Mistakes and Remediations
Vulnerability Mitigation Releases
The first mistake in the chain was to ship 11.12.0 in response to the reported vulnerability. If we had made a patch release (i.e. 11.10.6) with only the mitigation of the vulnerability, the first impact we caused would have been mitigated. We made this choice for speed as we were pretty confident on 11.12.0 and it also included mitigation for another vulnerability (libyaml (CVE-2014-2525)).

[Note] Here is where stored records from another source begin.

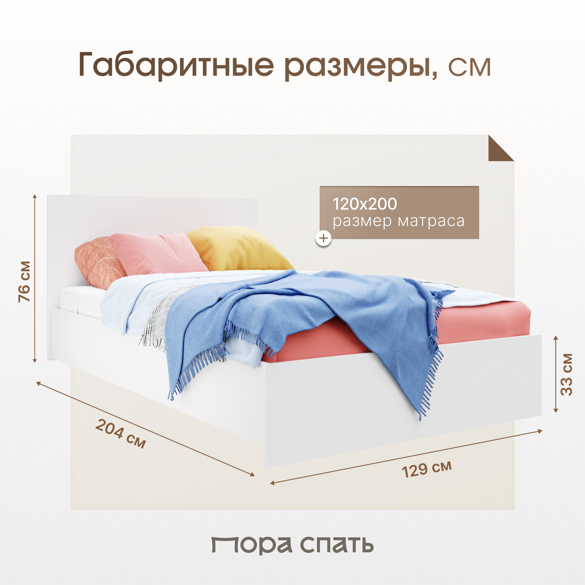Кровать Пора Спать Амелина с основанием ДСП, белая, спальное место: 200х120 см, габариты: 204х129 см информация: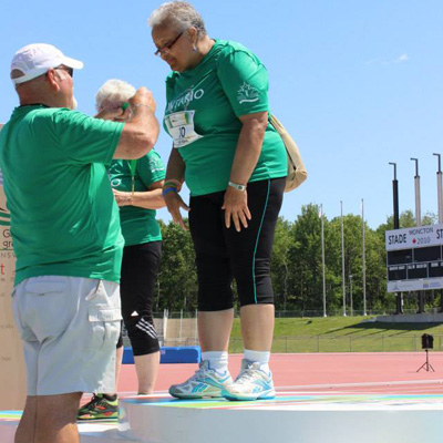 Helen Farinha, a former PMCC patient and heart transplant recipient at TGH, winning a gold medal at the 2014 Canadian Transplant Games in Moncton, N.B (Photo: Helen Farinha).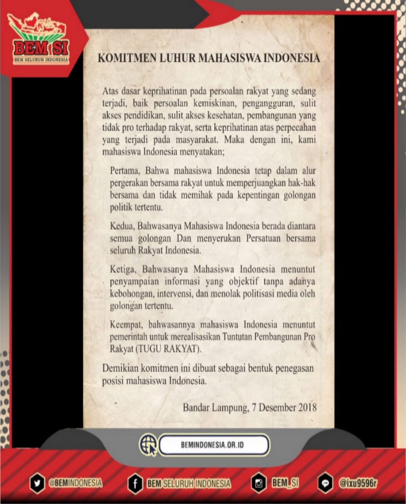Demikian komitmen ini dibuat sebagai bentuk penegasan posisi mahasiswa Indonesia.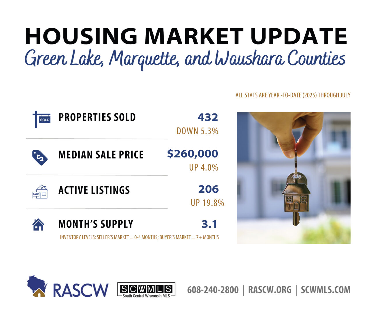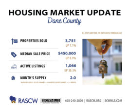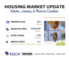 The South Central Wisconsin housing market showed mixed results in July, with regional new listings rising 3.1% compared to last year, bringing the year-to-date increase of new listings to 5.5%. Total active residential listings are up 25.8% across the region providing more options for Buyers than a year ago.
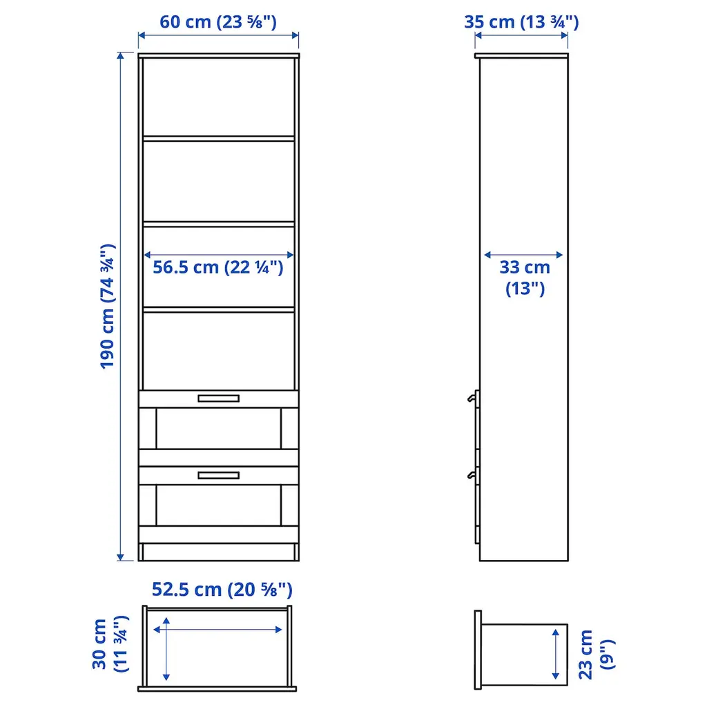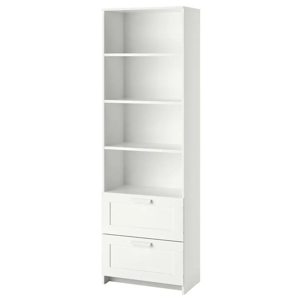 BRIMNES Bookcase - white 23 5/8x74 3/4 ". Adjustable shelves, so you can customize your storage as needed. Smooth-running drawers with drawer stops to keep them in place.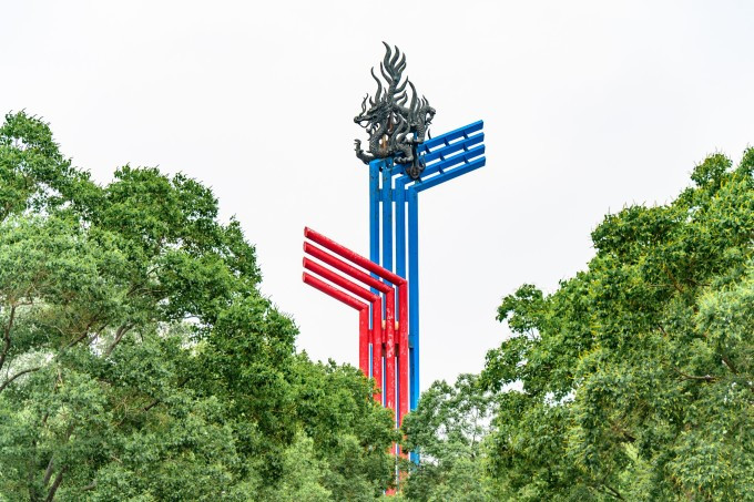 南北方分界标志雕塑是必须要来看一看的。雕塑顶部有一座腾龙图案,下方四个方位是青龙、白虎、玄武、朱雀四大神兽(分别代表东、南、西、北四个方位)。它是根据气候把南北方分开,蓝色指向为南方,红色指向为北方。这也就对应了 蚌埠 市位于 中国 南北地理分界线秦岭—淮河一线的说法。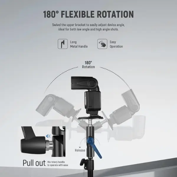 עם שני חלקים המחוברים באמצעות בורג מתכוונן, התושבת העליונה יכולה להסתובב ב-180° כדי למקם את הפלאש או מכשירי צילום אחרים בזוויות שונות, אידיאלי הן לצילומים בזווית נמוכה והן לצילומים בזווית גבוהה. ידית מתכת ארוכה מאפשרת תפעול קל

In order to prevent this from happening again moving forward as a policy we will make smaller scoped patch releases while shipping mitigations for security vulnerabilities.
Extensive Test Coverage
Obviously if we’d had test coverage for the specific regressions we encountered, all of the errors would have been prevented. We will be filling the exposed holes in our functional test suite; however given the variety of platforms Chef Client is running on and the depth of its functionality, we will continue to have holes in our functional test coverage.
This incident made us re-think our testing strategy for Chef Client and as a result we’ve decided to bump the priority of one of the improvements that we have been discussing for a while: “End to End integration tests for Chef Client”.
We will be working on building tests that will cover the common end to end scenarios and ensure that they are working in all of our releases. Ideally we would like to hook these tests into Travis as well so that they will also automatically run for your contributions as well.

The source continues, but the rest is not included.